Liquidity Pools

What is a liquidity pool?

A liquidity pool is a crowdsourced pool of cryptocurrencies or tokens locked in the exchange that are used to facilitate trades between the assets. Instead of traditional markets of buyers and sellers, the liquidity pools use automated market maker algorithms (AMM), which allow digital assets to be traded in an automatic manner through the use of liquidity pools. Liquidity pools aim to solve the problem of illiquid markets by incentivizing users themselves to provide crypto liquidity for a share of trading fees. Trading with liquidity pools require no buyer and seller matching. This means users can simply exchange their tokens and assets using liquidity that is provided by users.

What is slippage?

Slippage is the difference between the expected price of a trade and the price at which it is executed. Slippage is most common during periods of higher volatility, and can also occur when a large order is executed but there isn’t enough volume at the selected price to maintain the bid-ask spread. Trades that exceed a 0.5% tolerance in price are automatically rejected to protect the trader.
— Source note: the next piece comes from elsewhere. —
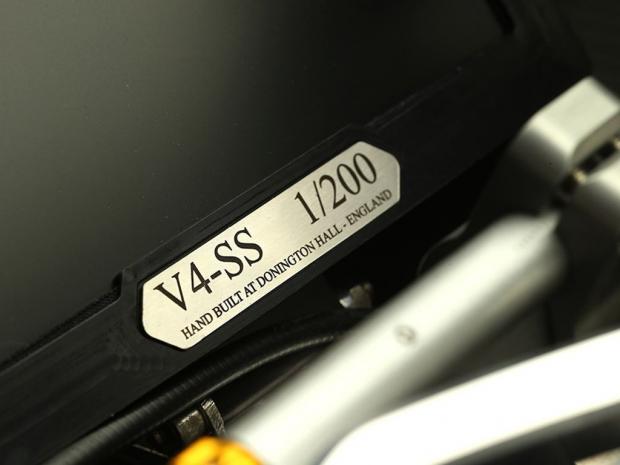 Bên cạnh đó cả 2 phiên bản điều khoe thân bằng sợi carbon siêu nhẹ, ở phiên bản V4 RR được phủ bằng lớp sơn chrome bạc đặc biệt sáng bóng đầy nổi bật, còn ở phiên bản V4 SS lại thể hiện vẻ ngoài hấp dẫn hơn với những sợi carbon 3D đầy tinh tế. Xe có chiều dài cơ sở là 1.430 mm và được trang bị bình xăng 18 lít bằng sợi carbon.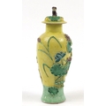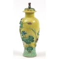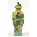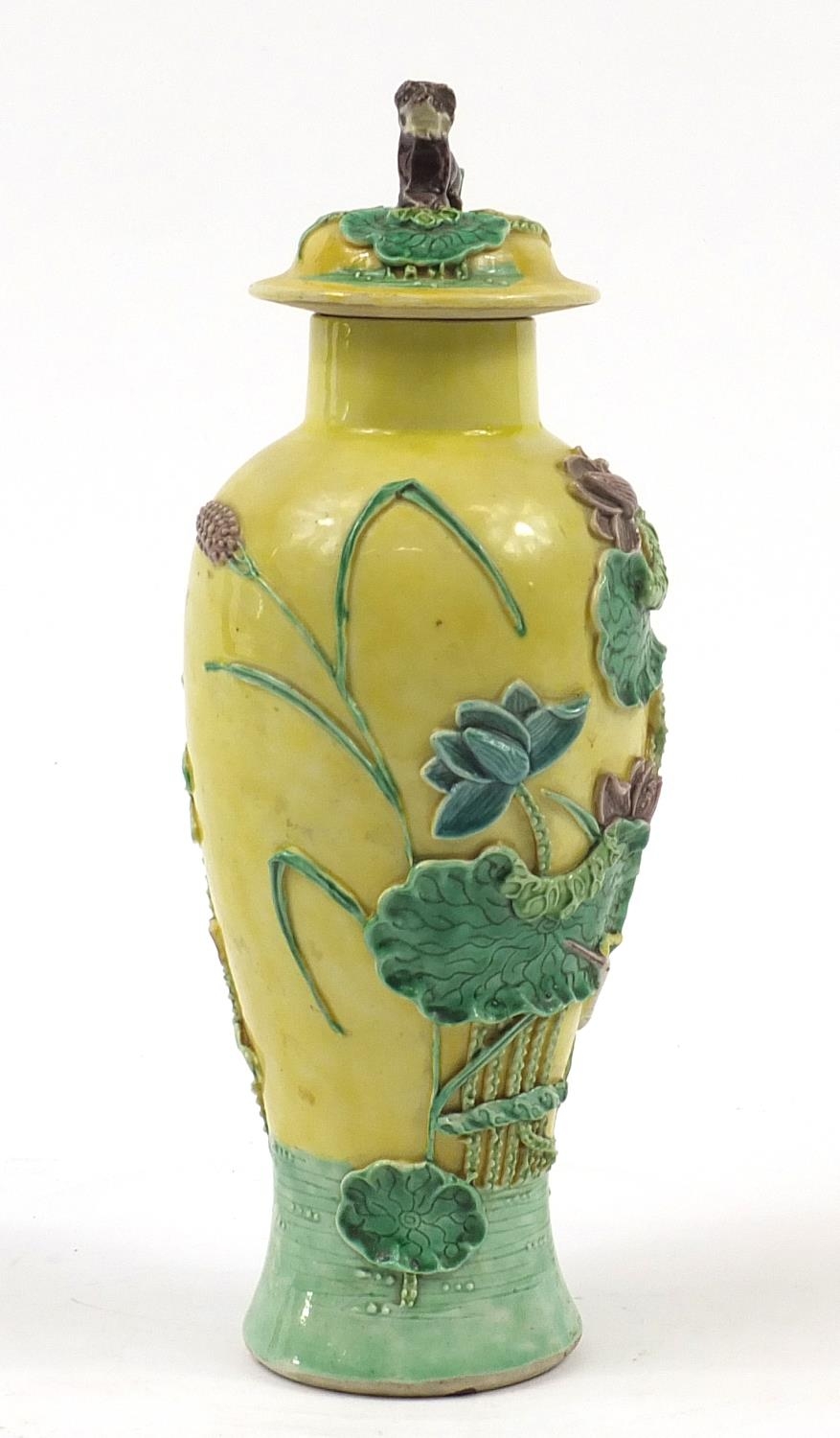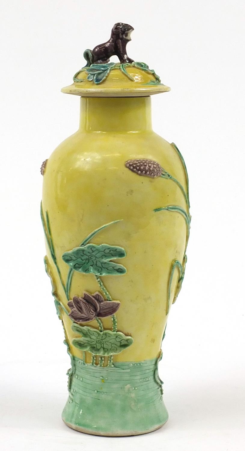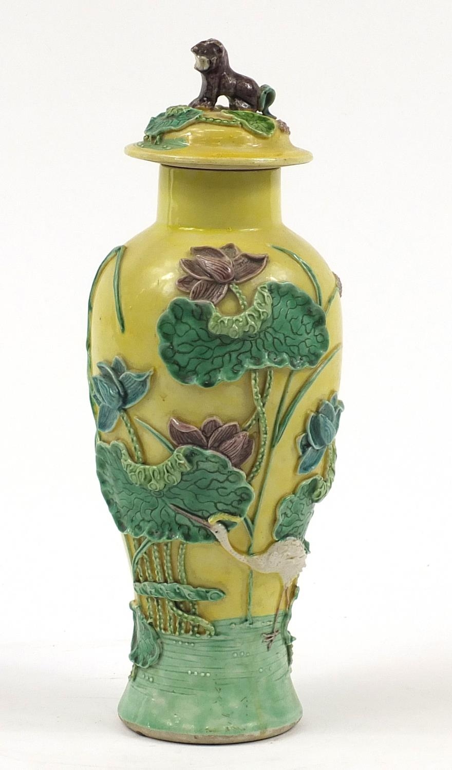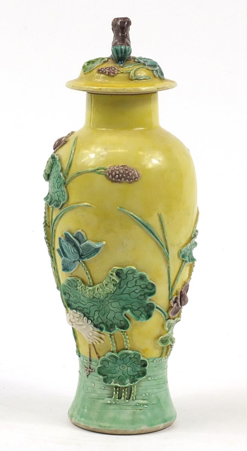 Chinese porcelain baluster vase with cover decorated in relief with a crane amongst lily pads, Wang Bing Rong character marks to the base, 31cm high

How does the liquidity pool work?

A crypto liquidity pool must be designed in a way that incentivizes crypto liquidity providers to stake their assets in a pool. That’s why most liquidity providers earn trading fees from the exchanges upon which they pool tokens. When a user supplies a pool with liquidity, the provider is given a portion of any trade fees collected in relation to the percentage of liquidity provided to the pool. The trade fee collected by XeggeX is 0.2%, and this entire fee is distributed to the pool stakers. XeggeX does not collect any fee for itself on liquidity pools unless we are also a liquidity provider. A user who is providing 50% of the liquidity in the pool will receive 50% of the trade fees collected.

A user may remove their current liquidity from the pool at any time, along with any fees that were collected.

Liquidity pools maintain fair market values for the tokens they hold thanks to the AMM algorithms, which maintain the price of tokens relative to one another within any particular pool. Liquidity pools in different protocols may use algorithms that differ slightly. For example: Uniswap liquidity pools use a constant product formula to maintain price ratios, and many DEX platforms utilize a similar model. This algorithm helps ensure that a pool consistently provides crypto market liquidity by managing the cost and ratio of the corresponding tokens as the demanded quantity increases. XeggeX also uses the contant product formula, which is basically {primaryLiquidity} * {secondaryLiquidity} = {constantProduct}. For an individual liquidity provider, the Constant Product does not change.

The easiest way to see this is by plotting out the curve a * b = c

For an example, lets assume we have an initial liquidity pool of 100,000 XYZ token (a) and 1,000 ETH (b). The constant product for this would be 100,000,000 (c), giving this asset an initial price of 100 XYZ per ETH. When buys and sells occur, (a) and (b) will change, however (c) will not. Price will increase and decrease based solely on demand and how much liquidity is available in the pool and the value of a ÷ b = price.

What is the difference between XeggeX liquidity pools and DEX pools such as Uniswap and Pancakeswap?

XeggeX is a centralized exchange, which means instead of using an on-chain contract to perform the swaps, we use a backend engine which performs the actions atomicly. Since we are not reliant on a specific blockchain, any asset we have listed on the platform can by used in a liquidity pool, and any user can create a pool pairing of their choice as long as they are providing liquidity. The swaps occur internally and not on-chain, therefore you will not need to pay a blockchain transaction fee when adding/removing liquidity or performing a swap. We do not charge any fees for adding or removing liquidity, and the fee for trades is set at 0.2%. These trade fees are in turn given to the liquidity providers.